→ **Exercise**
Restate word for word the lines of the listing below, from its first line through the line with "Contemporary Oak And", without the pictures.

→ **Data block**

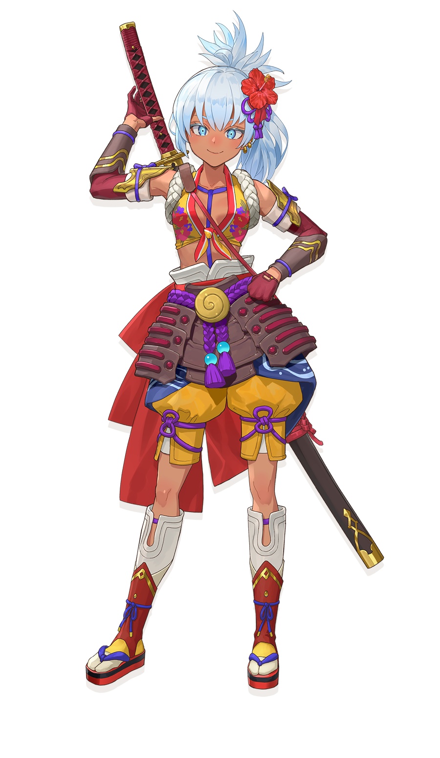 アズマの国の夏と剣を司る女神。 天真爛漫な性格で、体を動かして遊ぶのが大好き。 剣聖の如き腕前を持つが、なんでも力技で解決しようとする。 |
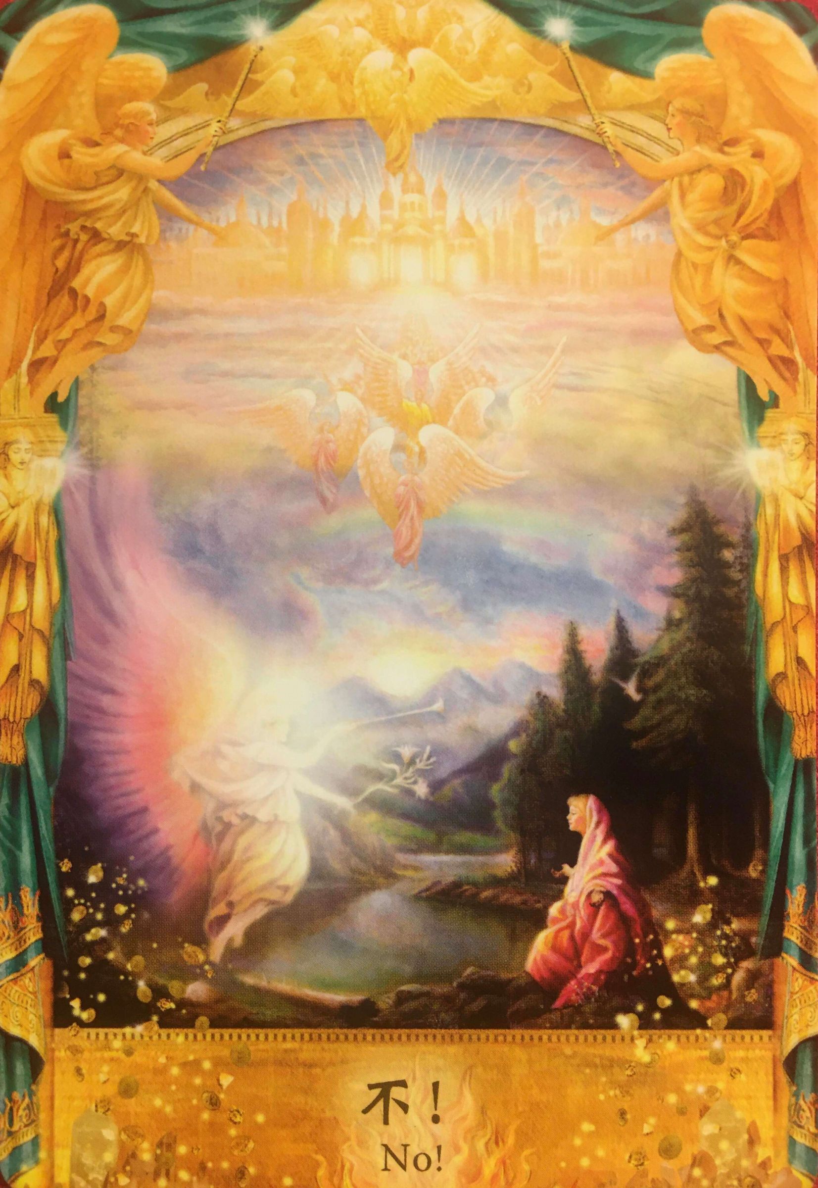抽到這張牌,代表天使對你近期煩惱的提醒是:你所問的這件事,天使的回應是「絕對不行!」但是,你不需要擔心,過一段時間,你很快就會知道為什麼這是一個適宜的答案。牌面上的人看起來面對的是一個童話般的場景,有寧靜的湖面、悠遠的山巒、蒼鬱的森林,前方還有天使吹奏聖樂,更遠處有彩虹,虹光上還有一群天使,最上方彷彿是天堂的聖光壟罩,一切看來都非常美好……但是,很多事情不能只看表象,請再給自己多點時間等待全貌。
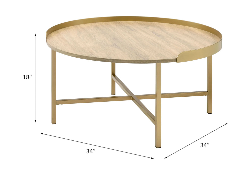 Contemporary Oak And Gold Round Tray Coffee Table
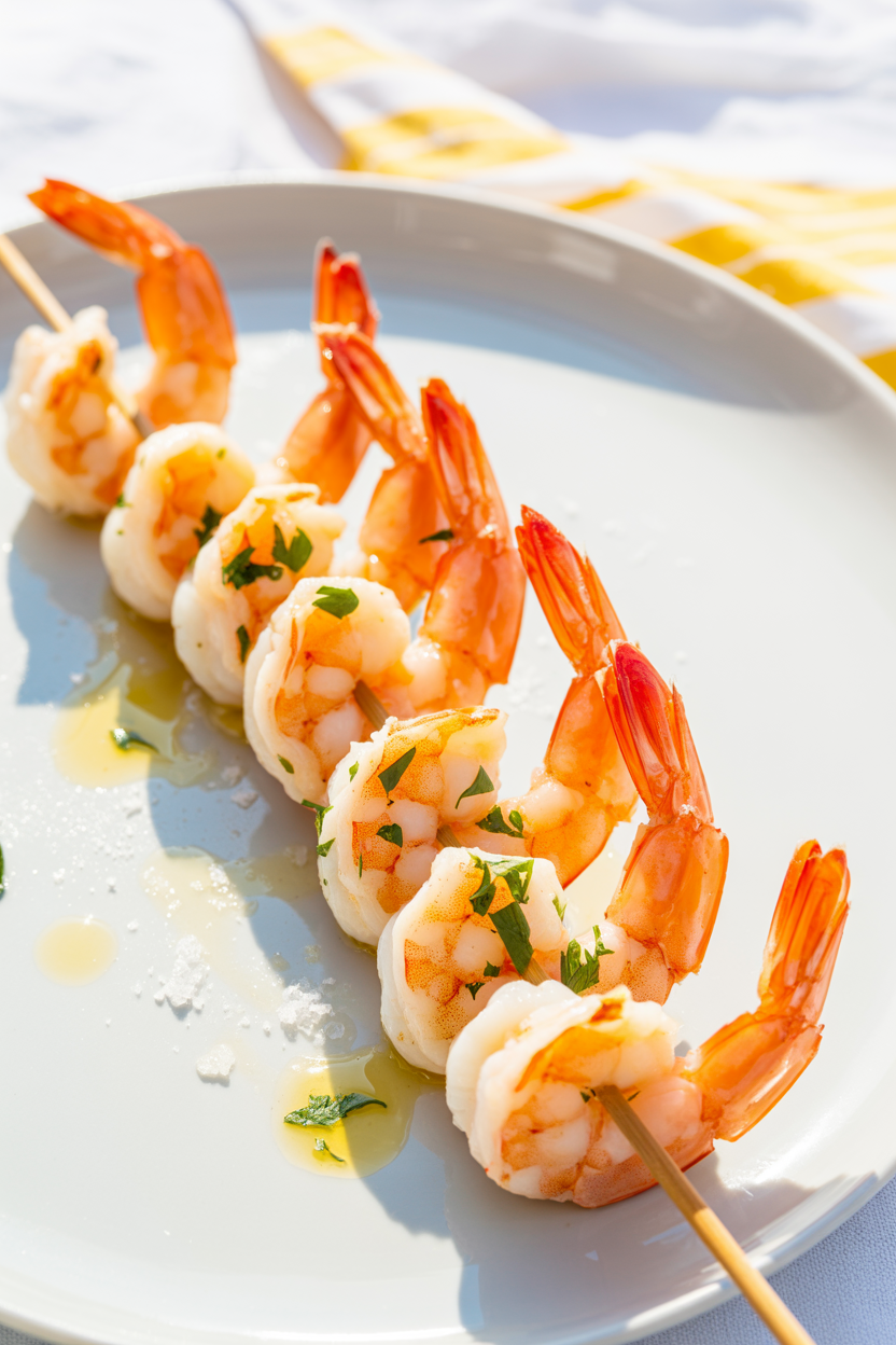 Seafood is often overlooked in BBQ grill food ideas, but it adds such a nice variation. I keep the presentation simple—lined up skewers with a light drizzle of butter—so the natural color of the shrimp stands out.

→ **Result of the task**
 アズマの国の夏と剣を司る女神。 天真爛漫な性格で、体を動かして遊ぶのが大好き。 剣聖の如き腕前を持つが、なんでも力技で解決しようとする。 |
抽到這張牌,代表天使對你近期煩惱的提醒是:你所問的這件事,天使的回應是「絕對不行!」但是,你不需要擔心,過一段時間,你很快就會知道為什麼這是一個適宜的答案。牌面上的人看起來面對的是一個童話般的場景,有寧靜的湖面、悠遠的山巒、蒼鬱的森林,前方還有天使吹奏聖樂,更遠處有彩虹,虹光上還有一群天使,最上方彷彿是天堂的聖光壟罩,一切看來都非常美好……但是,很多事情不能只看表象,請再給自己多點時間等待全貌。
 Contemporary Oak And Gold Round Tray Coffee Table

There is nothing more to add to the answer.